Municipality in Telemark, Norway

Midt-Telemark (/no/; /no/) is a municipality in Telemark county, Norway. It is located in the traditional district of Midt-Telemark. The administrative centre of the municipality is the village of Bø i Telemark. Other villages in the municipality include Akkerhaugen, Folkestad, Gvarv, Holtsås, Nordagutu, Nordbøåsane, and Sauherad.

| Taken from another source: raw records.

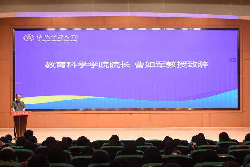 伴随着院合唱团带来的歌曲《彩虹》,开学典礼正式拉开序幕。经理曹如军上台致辞。他以“‘明’师培养之摇篮”为题,向新生们详细地介绍了今年会“魅力教科”“活力教科”“实力教科”以及“潜力教科”等四张名片,这些名片不仅展示了今年会的独特风采,更体现了其对卓越教师的全面培养理念。在此基础上,曹如军表达了对新生们的殷切期望,他热切希望立志成为卓越教师的新生们能够尽快融入今年会这个温馨和谐、充满活力的大家庭,共同书写属于他们的辉煌篇章。
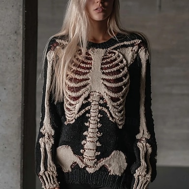Suéter de mujer Calavera Moda Casual Gráfica Esqueleto Cuello Redondo Parches Tejido Manga Larga Tops Regulares Tejido Negro Rosa Otoño Invierno
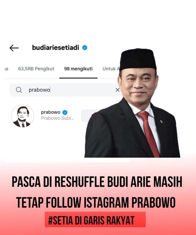 Bapak Budi Arie memiliki hubungan yang baik dengan banyak tokoh nasional lintas partai dan posisi politik, termasuk Bapak Prabowo. Disisi lain Mengikuti atau tidak mengikuti akun media sosial seseorang itu tidak serta-merta mencerminkan afiliasi politik ataupun sikap partisan.
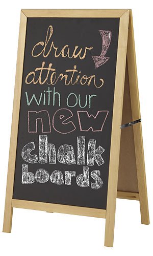 This chalkboard has a natural and contemporary look that is suitable for indoor or outdoor advertising. The 23½”W and 42½”H chalkboard comes with a box of multi colored chalk and magnetic eraser. The Wood A-Frame Chalkboard Sign is in stock and available for immediate shipment! Create fully customizable advertisements and announcements with a Wood A-Frame Chalkboard Sign. Item id:85-18326
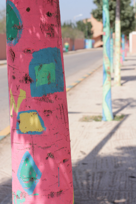 …this neighbourhood outside of Agadir with painted trees in bright and cheerful colours and patterns.
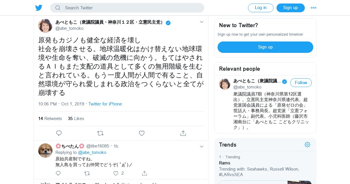 https://twitter.com:443/abe_tomoko/status/1179155772971765760
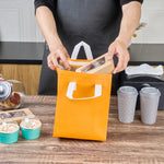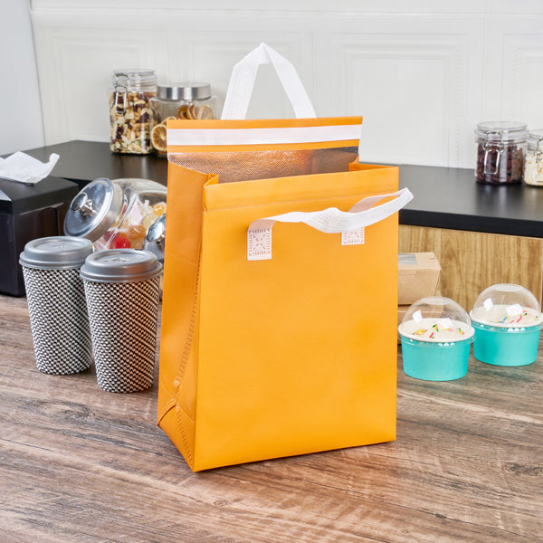 Ensure tamper-free food delivery with our insulated delivery bags. The Bag Tek Insulated Nonwoven Delivery Bags feature advanced insulation technology that maintains ideal food temperatures for hours, making them essential for any foodservice operation. With a spacious design measuring 8.25 inches in length, these thermal takeout bags accommodate full meal packages with ease, allowing restaurants to deliver a variety of dishes without compromising quality. Made from durable nonwoven material, these reusable thermal bags are designed for stability with sturdy handles that ensure easy carrying, reducing the risk of spills during transport. The bright orange color enhances brand visibility, making them a standout choice for catering and takeout services. Invest in reliable packaging to keep your deliveries secure and efficient. Each order includes 100 Bag Tek Insulated Nonwoven Delivery Bags.
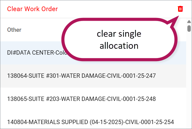 - To delete the allocation, clcik on the Clear Work Order Trash icon in the drop-down list.
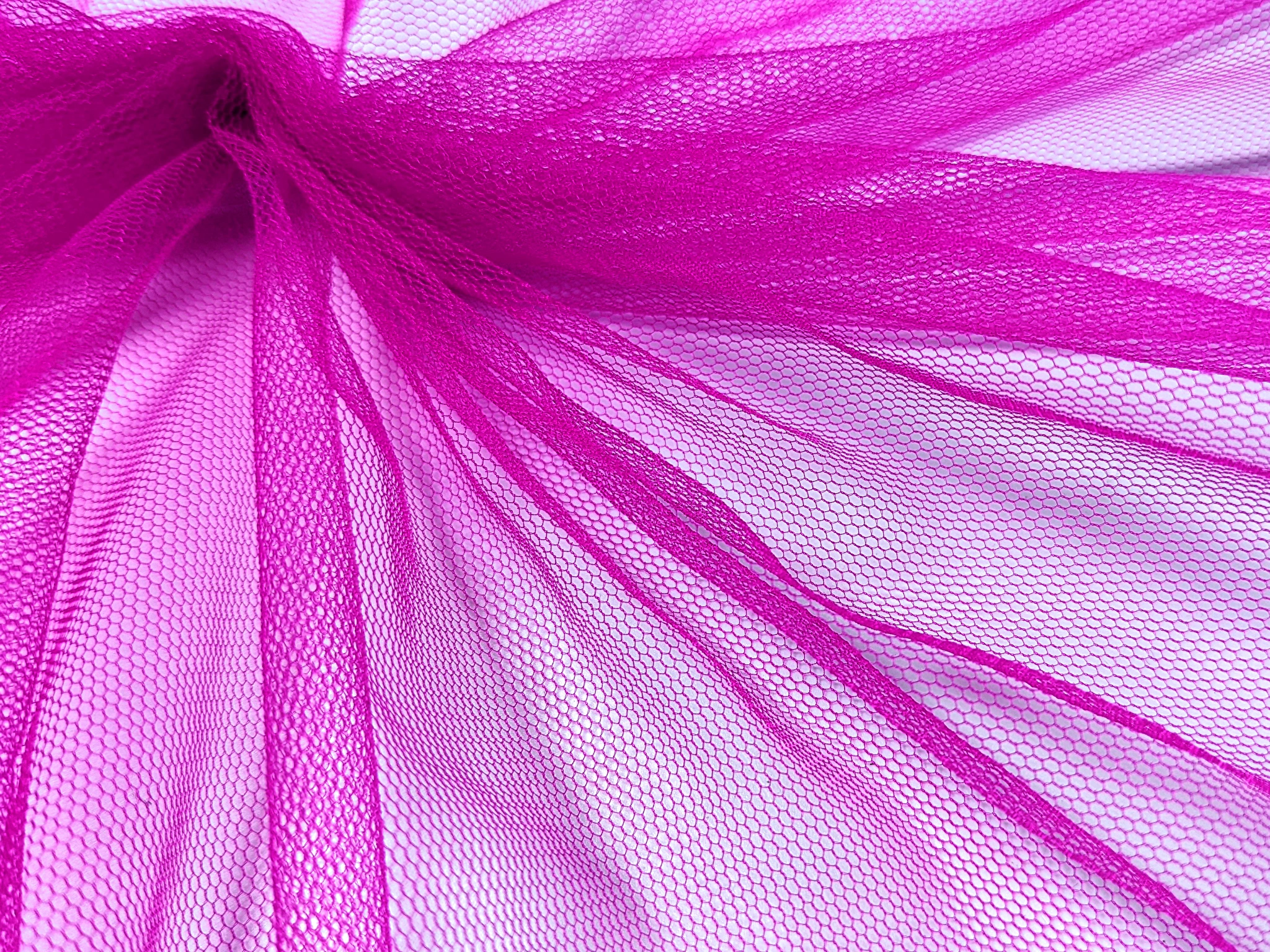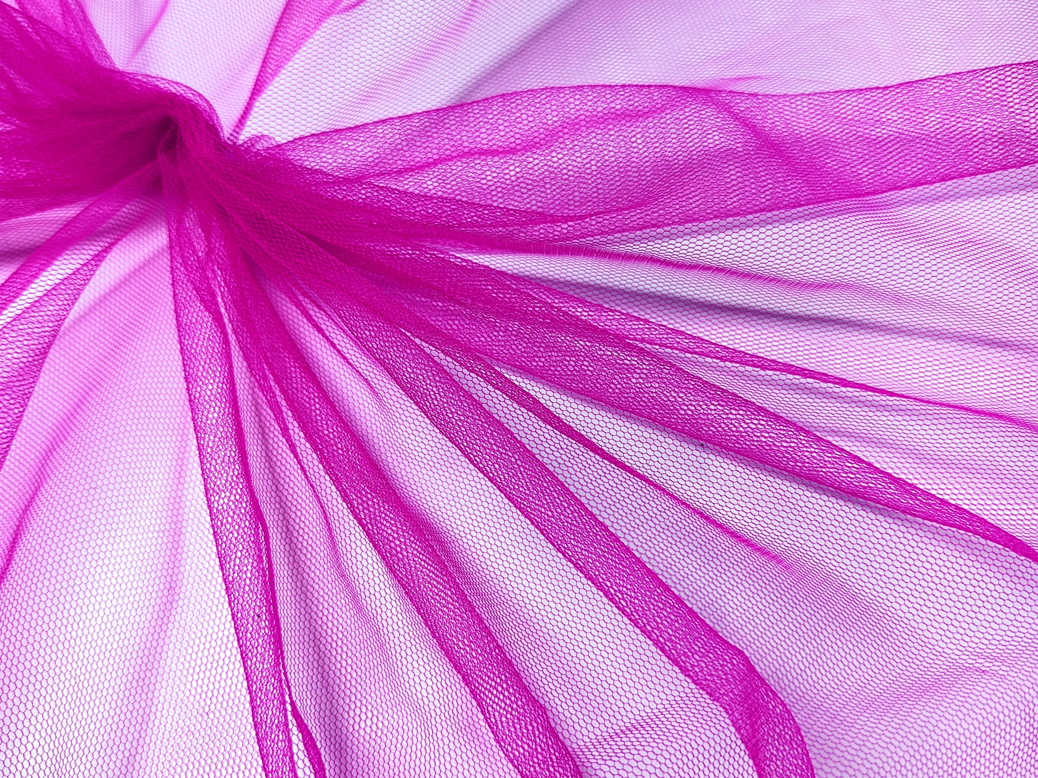 Код: ф13, б/а, бузковийФатин м'який входить до групи сітчастих тканин. Це м'яке, повітряне, легке, вуалеве полотно, виткане наскрізними осередками. Матеріал еластичний по ширині полотна, не жорсткий, зріз не колкий, тактильно приємний.

The 518.51 km2 municipality is the 203rd largest by area out of the 357 municipalities in Norway. Midt-Telemark Municipality is the 104th most populous municipality in Norway with a population of . The municipality's population density is 22.9 PD/km2 and its population has increased by 6.9% over the previous 10-year period.

==General information==
===Administrative history===
In 2020, there were many municipal and county mergers across Norway due to the work of the Solberg cabinet. The municipality of Midt-Telemark was established on 1 January 2020 when Bø Municipality (population: ) and Sauherad Municipality (population: ) were merged to form the new Midt-Telemark Municipality. Also on the same date, the Hjukse area of Sauherad Municipality was transferred to the neighboring Notodden Municipality.

===Name===
The municipality is named after the traditional district of Midt-Telemark. The first element is the prefix midt which means "middle". The last element is Telemark which is the historic name for the county. The name Telemark means the "mark of the Thelir", the ancient North Germanic tribe that inhabited what is now known as Upper Telemark in the Migration Period and the Viking Age.

===Coat of arms===
The coat of arms was approved for use starting on 1 January 2020 when the new Midt-Telemark municipality was established. The new arms were a combination of the arms for the two preceding municipalities that formed Midt-Telemark. The colors of the coat of arms of Sauherad and the design of the coat of arms of Bø were used. The official blazon is "Azure, three fiddles Or" (I blått tre gull feler, 2-1). This means the arms have a blue field (background) and the charge is a set of three fiddles (two over one). The charge has a tincture of Or which means it is commonly colored yellow, but if it is made out of metal, then gold is used. Bø is historically known for its musical tradition, as well as the production of fiddles (similar to the hardingfele). The fiddle was thus chosen as an appropriate symbol for the municipality. The original design of the Bø arms were designed by Halvor Holtskog, Jr.

===Churches===
The Church of Norway has two parishes (sokn) within Midt-Telemark Municipality. It is part of the Øvre Telemark prosti (deanery) in the Diocese of Agder og Telemark.

Churches in Midt-Telemark Municipality
| Parish (sokn) | Church name | Location of the church | Year built |
| Bø | Bø Church | Bø | 1875 |
| Old Bø Church | Bø | c. 1100 |
| Sauherad og Nes | Nes Church | Nesodden (just outside Gvarv) | c. 1180 |
| Sauherad Church | Sauherad | c. 1150 |

==Government==
Midt-Telemark Municipality is responsible for primary education (through 10th grade), outpatient health services, senior citizen services, welfare and other social services, zoning, economic development, and municipal roads and utilities. The municipality is governed by a municipal council of directly elected representatives. The mayor is indirectly elected by a vote of the municipal council. The municipality is under the jurisdiction of the Øvre Telemark District Court and the Agder Court of Appeal.

===Municipal council===
The municipal council (Kommunestyre) of Midt-Telemark Municipality is made up of 29 representatives that are elected to four-year terms. The tables below show the current and historical composition of the council by political party.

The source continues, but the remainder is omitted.